Current Research Studies

The Crohn’s & Colitis Foundation supports several major ongoing research initiatives and clinical studies to encourage cooperative efforts among investigators, research centers, and other resources.

Explore the initiatives below to learn more about the broad range of IBD research studies supported by the Foundation and how you can become more involved in this important work.

Microbiome Initiative

The Crohn’s & Colitis Foundation partnered with the Center for Genome Sciences at Washington University to develop greater understanding of the role of gut microbes (bacteria, viruses, etc. that are found normally in the intestines) in digestive health and inflammatory bowel diseases. Using the latest generation of massively parallel DNA sequencers and sophisticated computational methods, the initiative studies the complex role that intestinal microbial communities play in digestive health and disease.

Learn more about the MicroBiome Initiative.

Genetics Initiative

The Genetics Initiative continues the work of several recent studies that have demonstrated how specific organisms in the gut can cause inflammatory bowel diseases in the presence of specific genes, and that specific genes only cause disease in the presence of specific organisms. The Genetics Initiative is a collaborative effort to better understand the genes and their functions, and the chain of biological events that result in IBD (the pathogenesis of inflammatory bowel diseases).
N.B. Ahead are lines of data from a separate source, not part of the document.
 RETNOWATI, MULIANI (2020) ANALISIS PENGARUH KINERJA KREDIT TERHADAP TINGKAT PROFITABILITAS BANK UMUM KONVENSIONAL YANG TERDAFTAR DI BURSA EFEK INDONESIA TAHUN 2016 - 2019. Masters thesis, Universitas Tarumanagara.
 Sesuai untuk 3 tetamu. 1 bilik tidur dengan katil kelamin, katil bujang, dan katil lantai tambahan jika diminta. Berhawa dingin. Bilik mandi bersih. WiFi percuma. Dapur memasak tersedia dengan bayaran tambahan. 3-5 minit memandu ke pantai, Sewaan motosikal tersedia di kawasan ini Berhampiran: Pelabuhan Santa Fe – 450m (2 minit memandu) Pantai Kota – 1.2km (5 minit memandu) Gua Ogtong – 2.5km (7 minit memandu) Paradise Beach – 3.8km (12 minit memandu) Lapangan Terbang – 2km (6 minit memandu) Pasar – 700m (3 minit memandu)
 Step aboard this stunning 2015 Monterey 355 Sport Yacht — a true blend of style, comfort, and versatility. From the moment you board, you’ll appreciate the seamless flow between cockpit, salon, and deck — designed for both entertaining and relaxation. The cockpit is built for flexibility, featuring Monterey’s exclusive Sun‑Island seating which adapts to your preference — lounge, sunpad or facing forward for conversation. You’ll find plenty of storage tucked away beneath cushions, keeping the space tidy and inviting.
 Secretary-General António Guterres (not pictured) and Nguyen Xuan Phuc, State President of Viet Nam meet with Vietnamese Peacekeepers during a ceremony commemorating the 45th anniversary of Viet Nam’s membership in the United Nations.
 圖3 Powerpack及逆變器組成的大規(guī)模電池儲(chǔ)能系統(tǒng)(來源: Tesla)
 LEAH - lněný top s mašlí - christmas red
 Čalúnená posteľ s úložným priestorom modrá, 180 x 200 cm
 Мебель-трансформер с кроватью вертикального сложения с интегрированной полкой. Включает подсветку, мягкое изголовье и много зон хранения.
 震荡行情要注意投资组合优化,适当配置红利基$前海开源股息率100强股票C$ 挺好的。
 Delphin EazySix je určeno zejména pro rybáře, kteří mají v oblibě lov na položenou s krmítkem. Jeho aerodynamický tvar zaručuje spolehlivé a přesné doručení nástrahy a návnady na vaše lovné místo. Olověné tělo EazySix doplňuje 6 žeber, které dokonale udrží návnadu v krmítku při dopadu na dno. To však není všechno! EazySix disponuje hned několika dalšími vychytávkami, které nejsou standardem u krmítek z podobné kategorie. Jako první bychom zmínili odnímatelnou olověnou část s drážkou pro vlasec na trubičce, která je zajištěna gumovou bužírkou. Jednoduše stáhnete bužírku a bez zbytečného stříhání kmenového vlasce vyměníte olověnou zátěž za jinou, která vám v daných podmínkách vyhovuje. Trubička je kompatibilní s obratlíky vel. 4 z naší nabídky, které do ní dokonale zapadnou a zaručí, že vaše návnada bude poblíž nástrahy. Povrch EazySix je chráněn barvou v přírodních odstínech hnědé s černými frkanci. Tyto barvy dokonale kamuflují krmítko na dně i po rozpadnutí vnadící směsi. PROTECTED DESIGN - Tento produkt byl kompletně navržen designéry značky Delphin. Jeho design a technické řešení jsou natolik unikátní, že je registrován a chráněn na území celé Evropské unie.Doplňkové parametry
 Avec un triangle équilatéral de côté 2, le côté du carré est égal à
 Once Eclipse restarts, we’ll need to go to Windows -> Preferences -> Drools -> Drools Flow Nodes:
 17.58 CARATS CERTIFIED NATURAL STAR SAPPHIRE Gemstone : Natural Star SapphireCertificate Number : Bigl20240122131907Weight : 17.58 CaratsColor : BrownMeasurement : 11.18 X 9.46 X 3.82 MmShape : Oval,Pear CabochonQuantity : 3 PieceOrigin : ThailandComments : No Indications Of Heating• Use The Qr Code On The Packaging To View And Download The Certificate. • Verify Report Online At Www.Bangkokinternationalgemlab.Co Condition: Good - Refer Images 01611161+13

Learn more about the Genetics Initiative.

Pediatric Risk Stratification Study

The Pediatric Risk Stratification Initiative is working to “crack the code” of disease prognosis by identifying measurable risk factors for the complications of severe disease. The Crohn’s & Colitis Foundation's Professional KIIDS Pediatric Network is committed to identifying the genetic, microbiological, and immunological factors that are predictive of more severe disease. The resulting knowledge will translate into new protocols for individualized approaches to treating inflammatory bowel diseases in children and the prevention of severe disease and its lifelong consequences.

Learn more about the Pediatric Risk Stratification Initiative.

IBD Partners

IBD Partners is a comprehensive Internet-based registry designed to study thousands of patients with Crohn's disease or ulcerative colitis under a single research initiative. Unlike prior research, which has typically been conducted in small studies at major medical centers, IBD Partners tracks the individual experience of more than 14,000 patients diagnosed with inflammatory bowel diseases through three- and six-month reporting updates conducted online.

Learn more about IBD Partners.

Clinical Research Alliance

The Clinical Research Alliance is a network of major medical centers and smaller, local facilities collaborating on clinical studies of the management and treatment of IBD.  Members include hospitals, medical centers, clinics, and research facilities that have developed an IBD-related research program administered by a principal investigator.

Learn more about the Clinical Research Alliance.

Autoimmune Diseases in Pregnancy Study

The Autoimmune Diseases in Pregnancy Study is being conducted by the Organization of Teratology Information Specialists (OTIS) and is coordinated by the University of California, San Diegoto learn about effects Crohn's disease and other autoimmune diseases have on the outcome of pregnancies.

Learn more about the Autoimmune Diseases in Pregnancy Study.

Pregnancy in Inflammatory Bowel Disease and Neonatal Outcomes: A National Prospective Registry

The PIANO study (Pregnancy in Inflammatory Bowel Disease and Neonatal Outcomes) was initiated in August 2007 and has enrolled over four hundred patients across the United States. The objective of the registry is to determine whether there is a higher rate of adverse events in a prospective national sample of women from the US with IBD who are being treated with azathioprine/6MP or anti-TNF biologic drugs (infliximab, adalimumab, certolizumab). Thirty member sites of the Clinical Alliance identified and followed a prospective cohort of pregnant women with IBD. Data were collected each trimester of pregnancy at delivery and every four months in the first year of the child's life.